The group is quite small and there are no other suckers foolish enough to be the trap-bait, so I've taken a couple of levels of rogue. Maybe things will get safer if I go Arcane Trickster and get ranged legerdemain?

Maybe instead of being really specific and pedantic I should try going more generic? I mean, if I start saying "I check everything for traps and hidden enemies" then he might allow a little more flexibility...
 

Yeah, this is a DM mistake... and I know, because I've done the same thing. No one looks through a window by sticking their head through it. When I made the same sort of error, I chalked up my Incredibly Cool Trap (tm) as a total loss and reversed time to save the PC. It was the only fair thing to do.
 

What you describe is a perfect example of a DM who suddenly thinks he has had a bright idea and sledgehammers it through into the game. "Tee-hee, wouldn't it be funny if..." etc.

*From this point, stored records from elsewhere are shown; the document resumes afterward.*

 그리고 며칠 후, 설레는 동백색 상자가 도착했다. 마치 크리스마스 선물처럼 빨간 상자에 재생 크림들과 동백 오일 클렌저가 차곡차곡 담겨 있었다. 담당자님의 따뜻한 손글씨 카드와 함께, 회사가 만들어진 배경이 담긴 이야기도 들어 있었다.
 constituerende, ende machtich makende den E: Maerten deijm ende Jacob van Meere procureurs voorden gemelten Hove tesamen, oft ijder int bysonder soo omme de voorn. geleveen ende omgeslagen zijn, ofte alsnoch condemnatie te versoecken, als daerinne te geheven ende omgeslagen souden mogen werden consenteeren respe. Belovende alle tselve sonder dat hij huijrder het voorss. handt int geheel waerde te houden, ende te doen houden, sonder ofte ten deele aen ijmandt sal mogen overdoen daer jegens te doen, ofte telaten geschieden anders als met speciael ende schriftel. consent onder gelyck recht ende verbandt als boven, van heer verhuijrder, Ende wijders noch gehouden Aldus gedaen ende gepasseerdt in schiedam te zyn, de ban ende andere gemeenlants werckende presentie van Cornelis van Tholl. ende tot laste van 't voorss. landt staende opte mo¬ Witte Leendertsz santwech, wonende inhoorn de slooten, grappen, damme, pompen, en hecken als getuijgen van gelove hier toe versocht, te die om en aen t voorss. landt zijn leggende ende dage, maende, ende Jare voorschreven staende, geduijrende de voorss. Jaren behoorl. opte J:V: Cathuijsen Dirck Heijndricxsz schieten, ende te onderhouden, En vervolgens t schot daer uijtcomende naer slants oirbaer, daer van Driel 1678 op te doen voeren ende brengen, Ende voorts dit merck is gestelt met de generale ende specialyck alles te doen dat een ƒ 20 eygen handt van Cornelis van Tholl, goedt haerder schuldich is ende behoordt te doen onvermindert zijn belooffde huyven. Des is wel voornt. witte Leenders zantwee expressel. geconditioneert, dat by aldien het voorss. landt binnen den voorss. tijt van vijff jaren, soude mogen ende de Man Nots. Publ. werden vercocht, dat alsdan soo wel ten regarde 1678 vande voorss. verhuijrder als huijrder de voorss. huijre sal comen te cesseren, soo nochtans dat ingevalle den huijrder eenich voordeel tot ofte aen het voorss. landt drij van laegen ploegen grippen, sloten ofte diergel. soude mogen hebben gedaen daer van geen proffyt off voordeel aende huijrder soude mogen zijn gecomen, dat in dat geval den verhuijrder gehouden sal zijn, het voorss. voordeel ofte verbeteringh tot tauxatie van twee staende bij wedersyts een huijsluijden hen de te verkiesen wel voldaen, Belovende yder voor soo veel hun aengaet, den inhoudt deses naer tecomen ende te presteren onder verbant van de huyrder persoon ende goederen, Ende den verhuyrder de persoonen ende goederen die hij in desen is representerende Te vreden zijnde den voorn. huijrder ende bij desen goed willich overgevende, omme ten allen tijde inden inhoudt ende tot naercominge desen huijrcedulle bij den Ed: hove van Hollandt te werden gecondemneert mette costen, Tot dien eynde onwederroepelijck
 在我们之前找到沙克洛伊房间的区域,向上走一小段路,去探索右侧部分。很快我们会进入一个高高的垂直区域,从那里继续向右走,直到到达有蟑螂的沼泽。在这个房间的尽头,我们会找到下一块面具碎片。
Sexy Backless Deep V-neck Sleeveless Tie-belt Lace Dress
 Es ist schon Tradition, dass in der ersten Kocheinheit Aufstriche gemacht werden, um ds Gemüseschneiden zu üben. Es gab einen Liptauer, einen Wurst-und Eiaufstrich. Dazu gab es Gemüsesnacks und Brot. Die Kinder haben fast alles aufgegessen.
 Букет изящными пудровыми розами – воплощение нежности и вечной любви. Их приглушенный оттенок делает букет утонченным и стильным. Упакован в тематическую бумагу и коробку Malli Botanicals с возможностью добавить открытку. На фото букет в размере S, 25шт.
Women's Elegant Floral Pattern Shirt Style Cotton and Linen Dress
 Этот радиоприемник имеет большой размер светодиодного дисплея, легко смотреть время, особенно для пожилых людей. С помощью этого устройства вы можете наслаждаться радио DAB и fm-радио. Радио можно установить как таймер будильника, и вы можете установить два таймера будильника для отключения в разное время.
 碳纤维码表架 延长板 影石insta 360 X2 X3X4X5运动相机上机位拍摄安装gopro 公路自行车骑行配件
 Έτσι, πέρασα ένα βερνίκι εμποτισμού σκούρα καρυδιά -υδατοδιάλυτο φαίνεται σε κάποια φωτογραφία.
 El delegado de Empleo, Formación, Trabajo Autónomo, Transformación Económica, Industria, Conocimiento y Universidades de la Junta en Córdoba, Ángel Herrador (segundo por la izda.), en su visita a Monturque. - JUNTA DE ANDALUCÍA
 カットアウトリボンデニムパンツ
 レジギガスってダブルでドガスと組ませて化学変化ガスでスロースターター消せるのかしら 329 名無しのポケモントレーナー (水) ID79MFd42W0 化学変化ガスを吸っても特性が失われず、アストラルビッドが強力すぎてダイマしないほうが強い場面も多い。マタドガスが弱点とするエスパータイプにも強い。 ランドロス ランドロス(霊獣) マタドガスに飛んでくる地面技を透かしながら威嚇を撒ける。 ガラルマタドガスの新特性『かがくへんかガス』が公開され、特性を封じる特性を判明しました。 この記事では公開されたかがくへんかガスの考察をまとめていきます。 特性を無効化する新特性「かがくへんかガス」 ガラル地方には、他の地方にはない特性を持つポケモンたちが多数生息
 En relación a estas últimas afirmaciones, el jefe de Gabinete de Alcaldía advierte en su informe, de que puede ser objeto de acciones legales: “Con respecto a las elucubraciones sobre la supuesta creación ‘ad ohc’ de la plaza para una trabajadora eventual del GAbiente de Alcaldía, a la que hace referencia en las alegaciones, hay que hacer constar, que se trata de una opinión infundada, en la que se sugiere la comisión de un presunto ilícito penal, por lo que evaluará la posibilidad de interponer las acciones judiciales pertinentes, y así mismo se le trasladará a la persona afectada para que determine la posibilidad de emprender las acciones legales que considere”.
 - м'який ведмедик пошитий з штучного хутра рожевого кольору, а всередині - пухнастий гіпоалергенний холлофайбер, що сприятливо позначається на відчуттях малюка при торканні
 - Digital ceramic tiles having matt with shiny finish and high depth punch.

A guillotine-trapped window with conspicuous loot is a good little trap - for a few points of damage and a critical embarrassment hit on the Rogue, not :eek: and insta-death!

Bad call on his part.

The later point made by GQuail about DM's drawing attention to traps by asking pointed questions of the PC's is a good one and hard to get around. Once your PC's settle into a routine it's a little unfair to punish them for not specifically saying they poke every trap with a stick or examine the window WITHOUT PUTTING MY HEAD THROUGH (or whatever). In those cases, the only thing I have found which works is to tell them in advance that, for the next hour or two, they need to be very specific with their actions.
 

Bad call on assuming you put your head through the window.

Good call on lopping off body parts put in harms way, at least IF they were put there in the first place.

The player admits the character had low HP. The decap-ing could have just came from the trap doing enough damage. Hell treating a person with the thier head in a guiatine trap as a "critical threat" situation sounds semi resonable.